__Brief__:
Copy every record word for word. Pictures are not part of the copy.

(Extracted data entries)
■ ■ ■

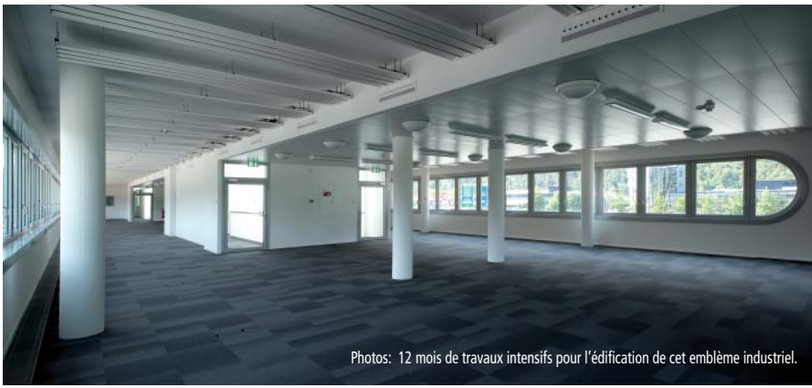
Photos: 12 mois de travaux intensifs pour l'édification de cet emblème industriel.
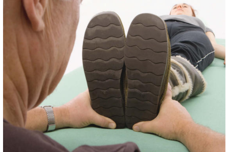
Der Therapeut legt die Daumen seiner Hände links und rechts im Bereich der Schuhsohle mittig möglichst nahe am Fersenrand auf.
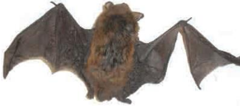
Murciélago con desgarró del patagio del ala.
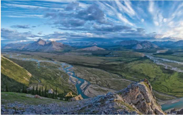
Le ruisseau Royal se jette dans la rivière Wind, un affluent de la rivière Peel dans le nord du Yukon.
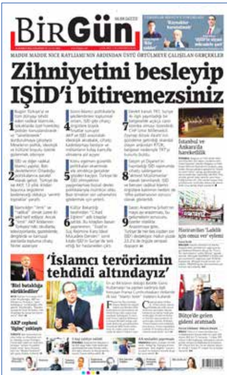
Resim 80, BirGün, 16 Temmuz 2016
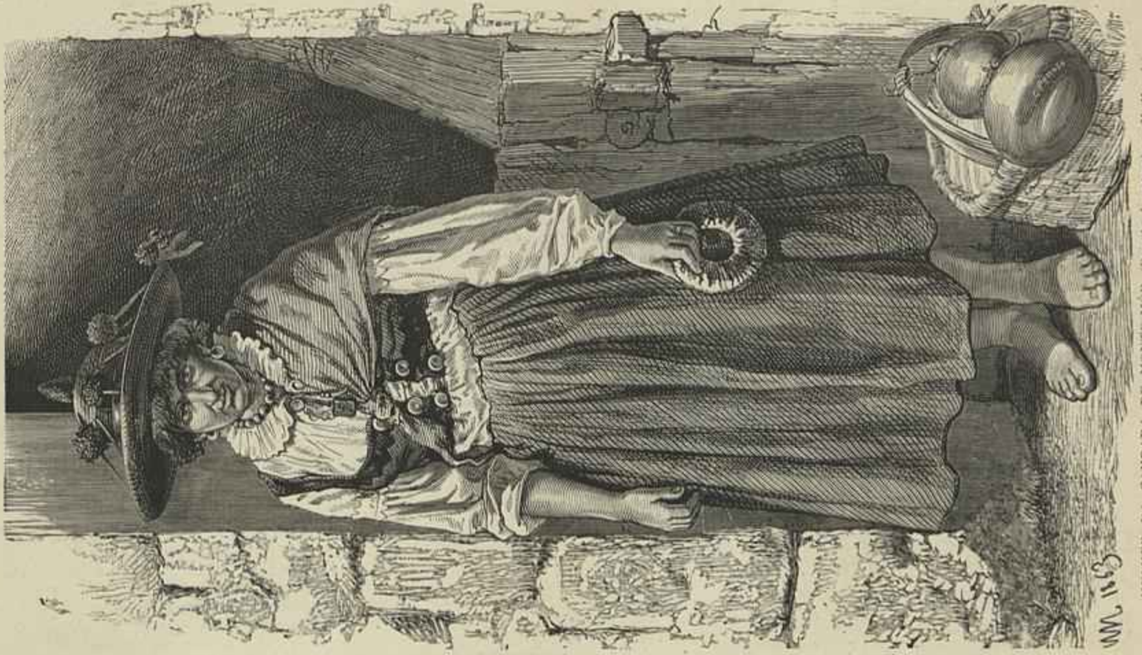
MULHER DA GANDARA DE MONTE-MOR (Desenho do natural por M. Macedo)
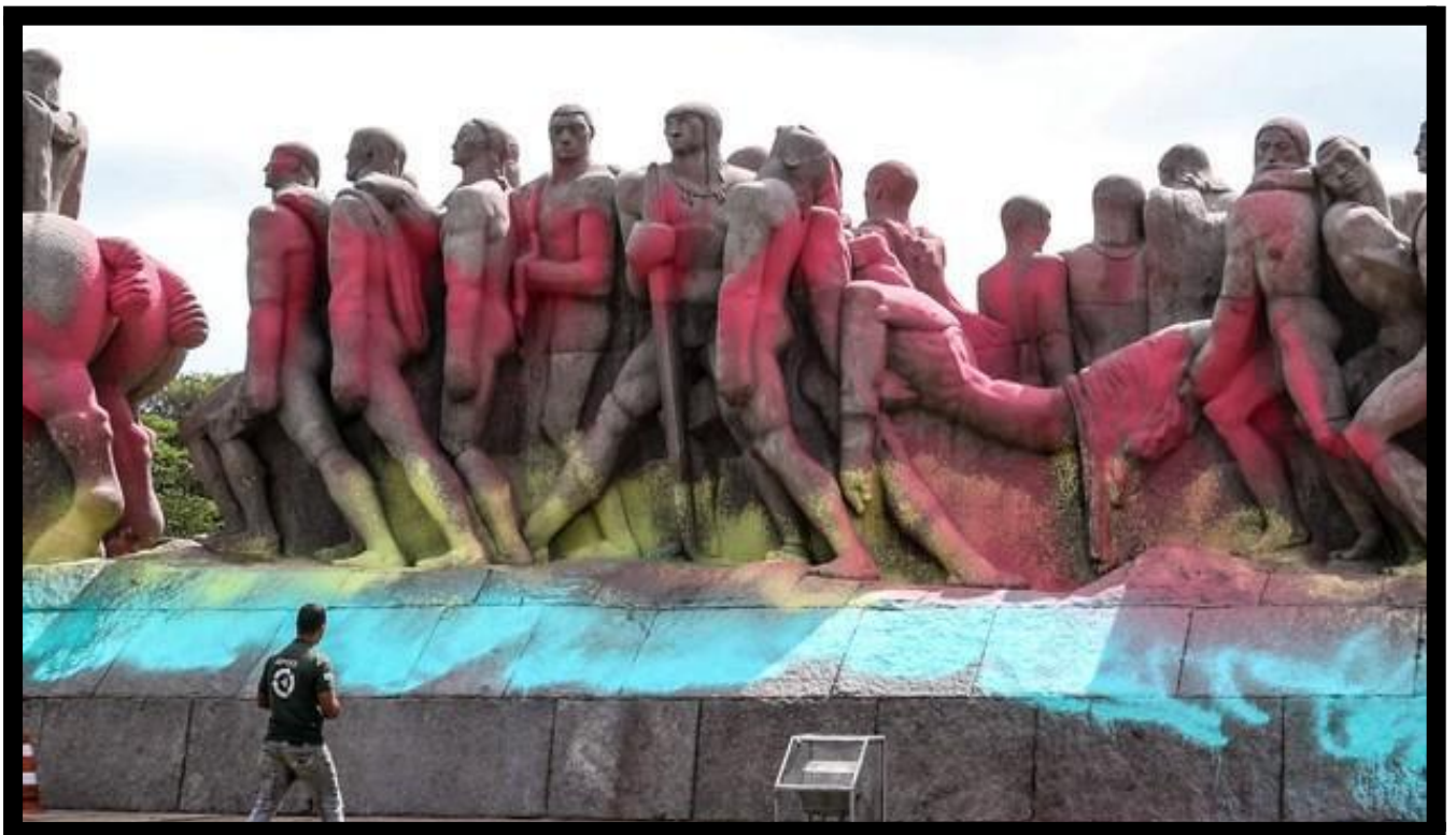
Figura 8. Monumento às Bandeiras coberto de tinta.
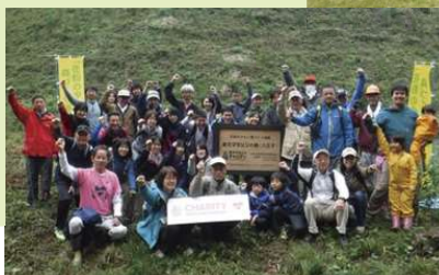
10月30日のイベント参加者の皆さん
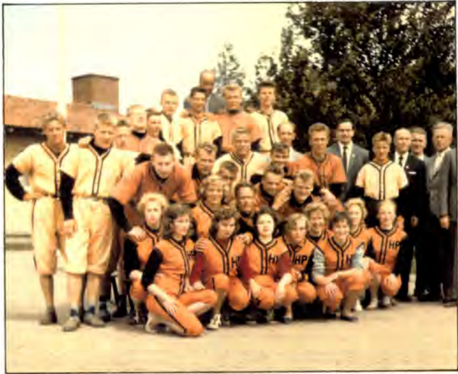
Haminan Palloilijoiden joukkueet LMV:n 30-vuotisjuhlissa.
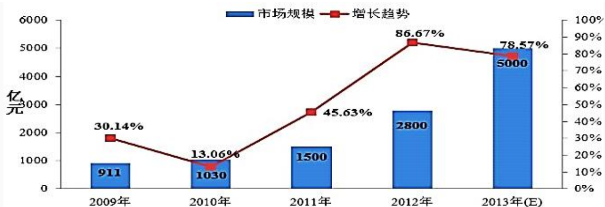
Рис. 1. Объем продаж за 2009–2013 гг. продуктов здорового питания в Китае в целом, млрд юаней, в %
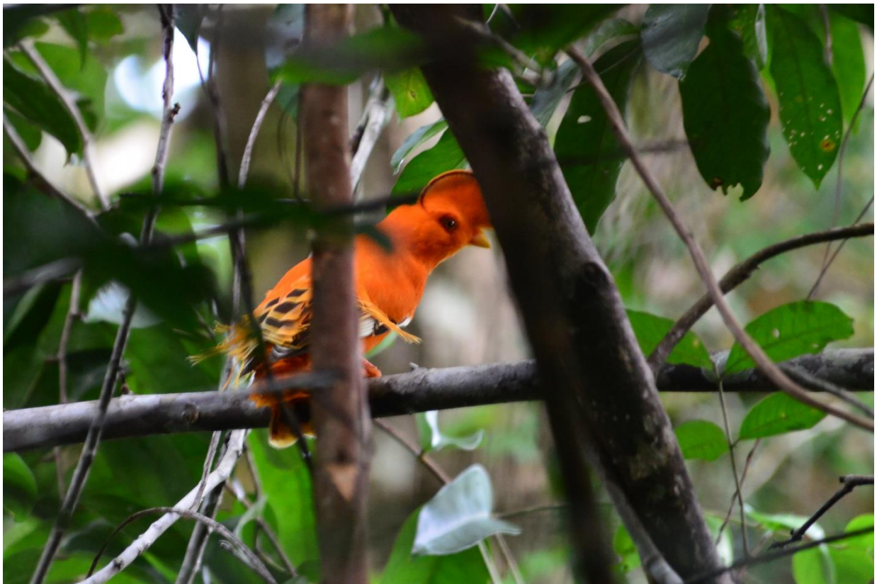
Galo da Serra ( Rupicola rupicola ).

❖ Rios e igarapés – Os rios e igarapés presentes no parque estão inseridos em uma paisagem de rara beleza e totalmente primitiva, formando praias de areia branca e águas transparentes. As atividades que podem ser desenvolvidas são: passeio fluvial, caiaque, observação de fauna e flora, flutuação nos rios de águas claras e acampamento.

■ ■ ■

__Answer to the exercise__:
Photos: 12 mois de travaux intensifs pour l'édification de cet emblème industriel.
Der Therapeut legt die Daumen seiner Hände links und rechts im Bereich der Schuhsohle mittig möglichst nahe am Fersenrand auf.
Murciélago con desgarró del patagio del ala.
Le ruisseau Royal se jette dans la rivière Wind, un affluent de la rivière Peel dans le nord du Yukon.
Resim 80, BirGün, 16 Temmuz 2016
MULHER DA GANDARA DE MONTE-MOR (Desenho do natural por M. Macedo)
Figura 8. Monumento às Bandeiras coberto de tinta.
10月30日のイベント参加者の皆さん
Haminan Palloilijoiden joukkueet LMV:n 30-vuotisjuhlissa.
Рис. 1. Объем продаж за 2009–2013 гг. продуктов здорового питания в Китае в целом, млрд юаней, в %
Galo da Serra ( Rupicola rupicola ).

❖ Rios e igarapés – Os rios e igarapés presentes no parque estão inseridos em uma paisagem de rara beleza e totalmente primitiva, formando praias de areia branca e águas transparentes. As atividades que podem ser desenvolvidas são: passeio fluvial, caiaque, observação de fauna e flora, flutuação nos rios de águas claras e acampamento.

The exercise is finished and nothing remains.